[[ SOURCE RECORDS, beginning ]]
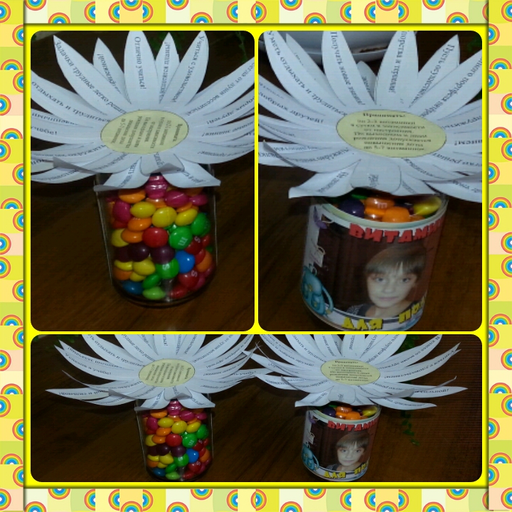 А на крышечке Ромашка с пожеланиями ученику)))))) а в серединке инструкция: принимать по 2-3 витаминки в зависимости от настроения, в выходные и праздничные дни возможно увеличение дозы до 5-7 витаминок))))
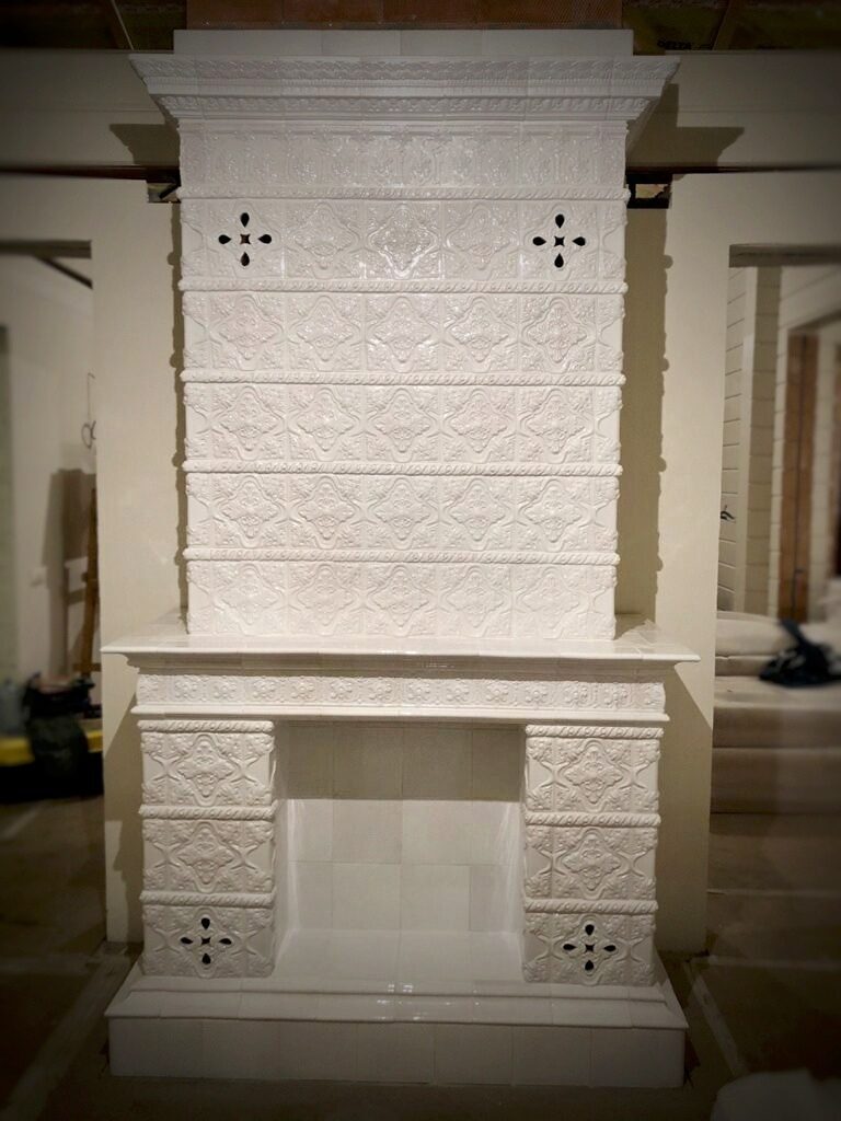 Изразцы для облицовки камина заказчик выбрал рельефные в стиле Ренессанс, каждый изразцовый ряд разграничен поясками бордюров с орнаментом. Рельефное узорочье разбавлено гладкими вставками на полке камина, в нижней части и в области топки.
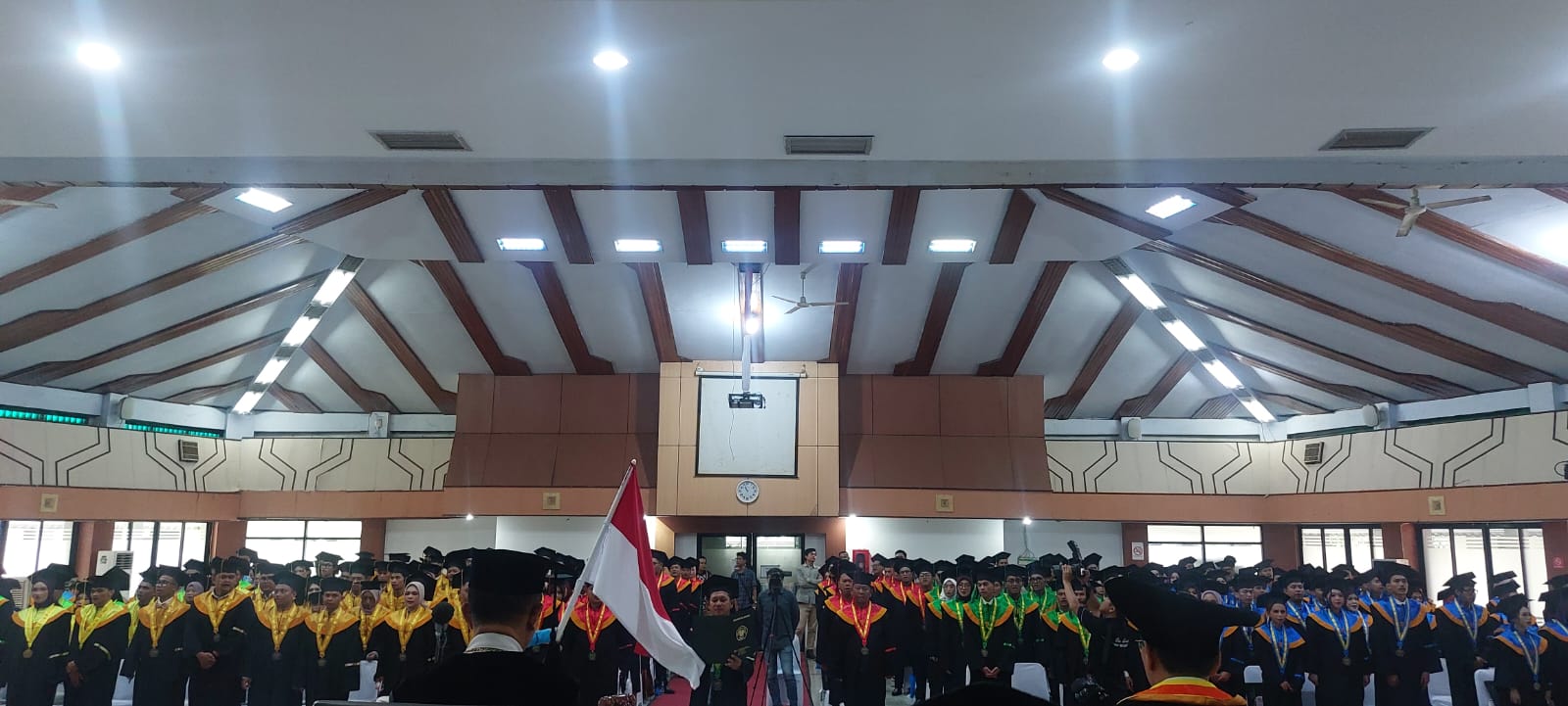 “Saya ucapkan selamat kepada seluruh wisudawan. Gelar akademik yang Saudara peroleh bukan hanya pengakuan formal, tetapi amanah akademik dan moral yang harus dijunjung tinggi,” ujar Rektor Komir Bastaman.
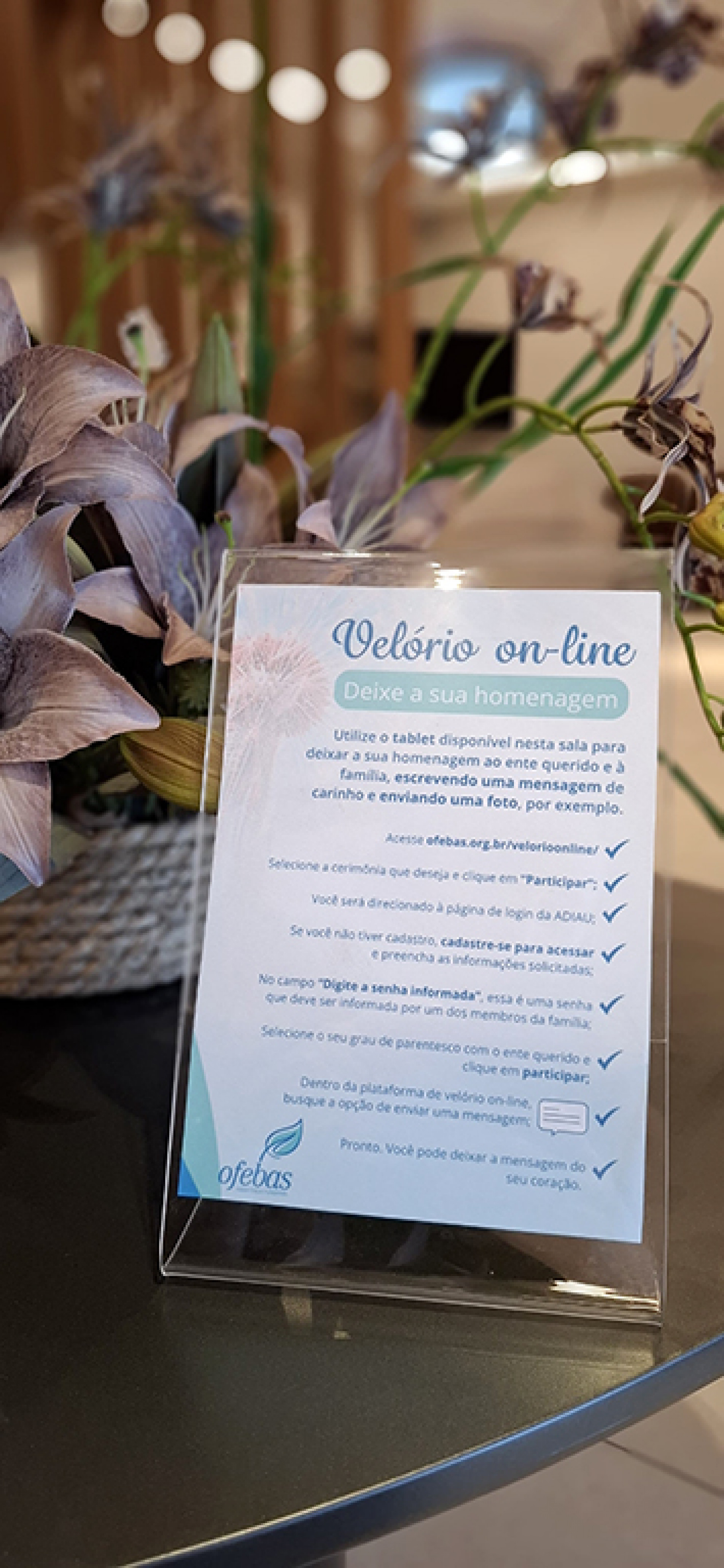O velório on-line e imersivo é um serviço da Ofebas oferecido tanto para associados que têm planos de assistência quanto para atendimento particular.
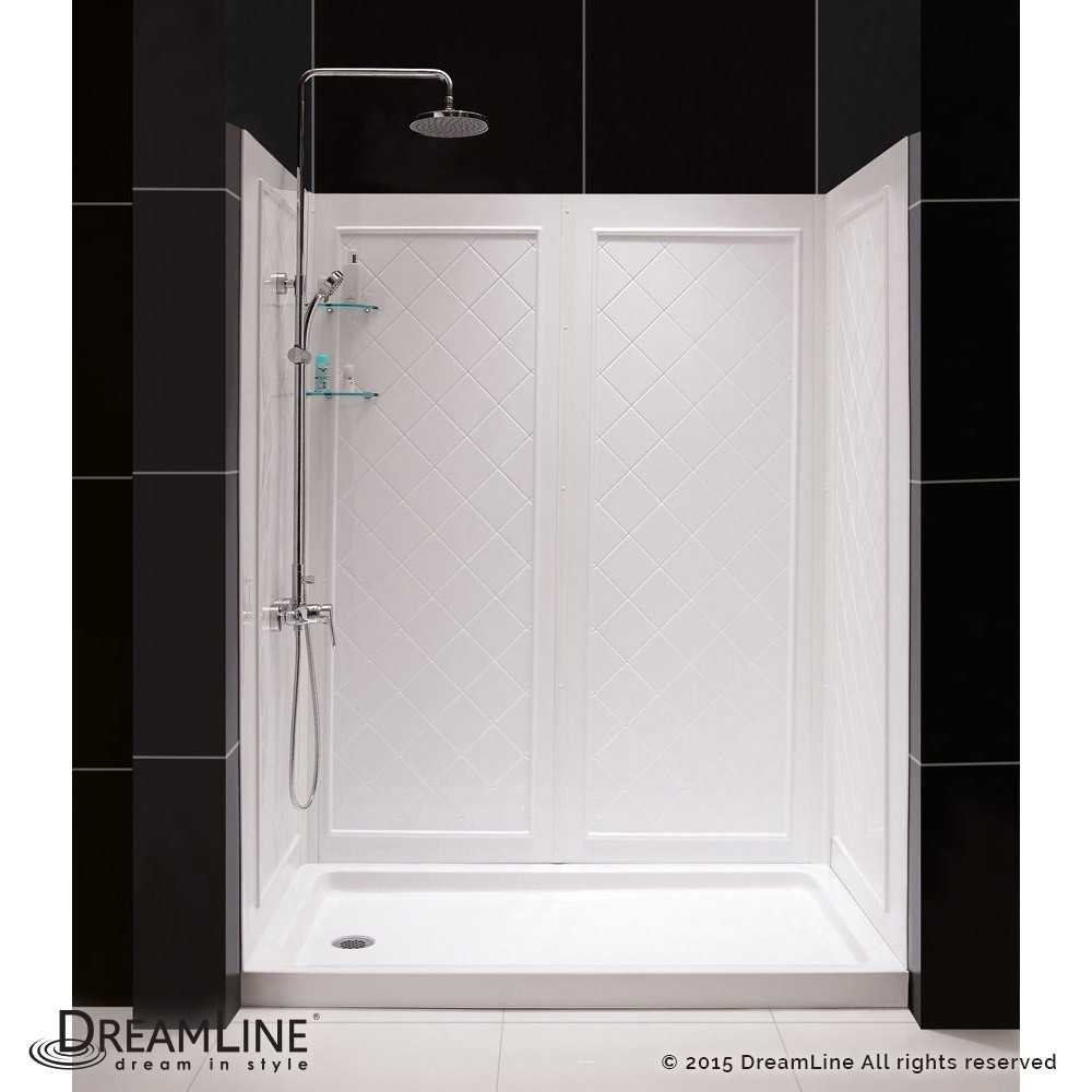 - Kit Includes: QWall-5 Backwalls and Single Threshold SlimLine Base; Drain Location: Left; Color: White
[[ SOURCE RECORDS, end ]]
**WHAT THE TASK ASKS**
The entries are to be written out in full and exactly, apart from the pictures.

**EXPECTED OUTPUT**
 А на крышечке Ромашка с пожеланиями ученику)))))) а в серединке инструкция: принимать по 2-3 витаминки в зависимости от настроения, в выходные и праздничные дни возможно увеличение дозы до 5-7 витаминок))))
 Изразцы для облицовки камина заказчик выбрал рельефные в стиле Ренессанс, каждый изразцовый ряд разграничен поясками бордюров с орнаментом. Рельефное узорочье разбавлено гладкими вставками на полке камина, в нижней части и в области топки.
 “Saya ucapkan selamat kepada seluruh wisudawan. Gelar akademik yang Saudara peroleh bukan hanya pengakuan formal, tetapi amanah akademik dan moral yang harus dijunjung tinggi,” ujar Rektor Komir Bastaman.
O velório on-line e imersivo é um serviço da Ofebas oferecido tanto para associados que têm planos de assistência quanto para atendimento particular.
 - Kit Includes: QWall-5 Backwalls and Single Threshold SlimLine Base; Drain Location: Left; Color: White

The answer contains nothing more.